District in Andhra Pradesh, India

Palnadu district is a district in coastal Andhra Region in the Indian state of Andhra Pradesh. With Narasaraopet as its administrative headquarters, it was formed on 4 April 2022.

==Etymology==

This district has derived its name from the Palnadu, also historically referred to as Pallava Nadu, the “land of the Pallavas”. The term originates from the early Pallava clans who originated in this region before they later expanded their influence toward the Tamil plains.

==History==
The district was formed on 4th April 2020 from Gurazala, Sattenapalli and Narasaraopet revenue divisions of erstwhile Guntur district.

== Geography ==
Palnadu district is bordered by NTR district on north, Bapatla district on south east, Prakasam district and Markapuram, on south west and Guntur district on east. It is also surrounded by Suryapet district and Nalgonda district in Telangana state at west.

==Land utilisation==
The total geographical area of the district is 730123 ha and 150759 ha is covered by forest. The net area sown is 315650 ha. The total cropped area in the district is 347114 ha. The area sown more than once during the year is 31464 ha.

==Natural resources==
The district is rich in mineral resources. The principal minerals available are limestone, lime, Napa slabs, copper and lead. Limestone is being utilised by the cement factories of Macherla. There are copper mines at Agnigundala of Ipur Mandal.

==Climate==
The normal rainfall of the district is 775.3 mm The climate is generally warm in summer and the heat is very severe in Rentachintala Mandal, where the maximum temperature in the state is recorded. Summer (March to June): the summer months are hot and dry, with temperatures often reaching high levels. This period is characterized by high temperatures and low rainfall. Monsoon (July to September): the monsoon season brings rainfall to the region. During this period, the district receives the majority of its annual precipitation. The monsoon rains are essential for agriculture and overall water supply. Post-monsoon/winter (October to February): after the monsoon season, the region experiences a post-monsoon period, followed by relatively cooler months during winter. The temperatures are milder during this time.

== Demographics ==

The district had a population of 20,41,723, of which 458,551 (22.46%) lived in urban areas based on 2011 census data. Palnadu district has a sex ratio of 994 females per 1000 males. Scheduled Castes and Scheduled Tribes made up 3,75,554 (18.39%) and 1,42,944 (7.00%) of the population respectively. 87.12% of the population spoke Telugu, 9.90% Urdu and 2.41% Lambadi as their first language.

== Politics ==

The district is part of Narasaraopet (Lok Sabha constituency). There are seven assembly constituencies.

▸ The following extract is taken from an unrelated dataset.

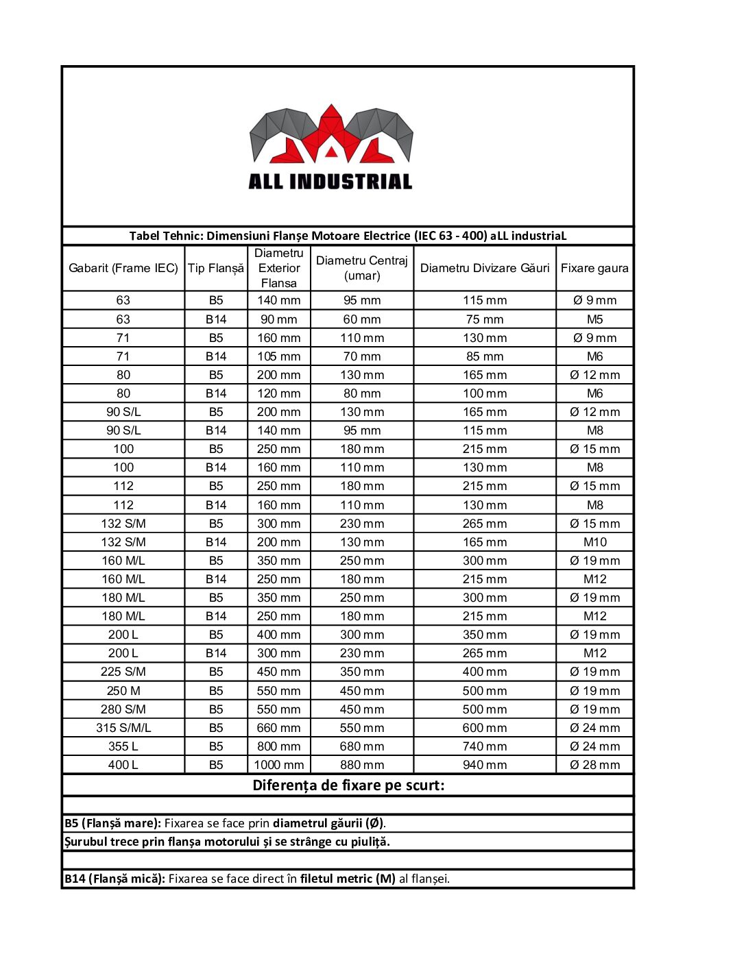 Caracteristici Flansa motor electric 112 B14 aLL:

| # | Name | District | Members | Party |  |
| 85 | Pedakurapadu | Palnadu | Bhashyam Praveen |  | Telugu Desam Party |
| 96 | Chilakaluripeta | Prathipati Pulla Rao |
| 97 | Narasaraopeta | Dr. Chadalavada Aravinda Babu |
| 98 | Sattenapalle | Kanna Lakshminarayana |
| 99 | Vinukonda | G. V. Anjaneyulu |
| 100 | Gurajala | Yarapathineni Srinivasa Rao |
| 101 | Macherla | Julakanti Brahmananda Reddy |

== Administrative divisions ==

The district is divided into 3 revenue divisions: Gurazala, Narasaraopet and Sattenapalle, which are further subdivided into a total of 28 mandals.

| Mandals of Palnadu district (Overpass-turbo) |

=== Mandals ===
The list of 28 mandals in Palnadu district, divided into 3 revenue divisions, is given below.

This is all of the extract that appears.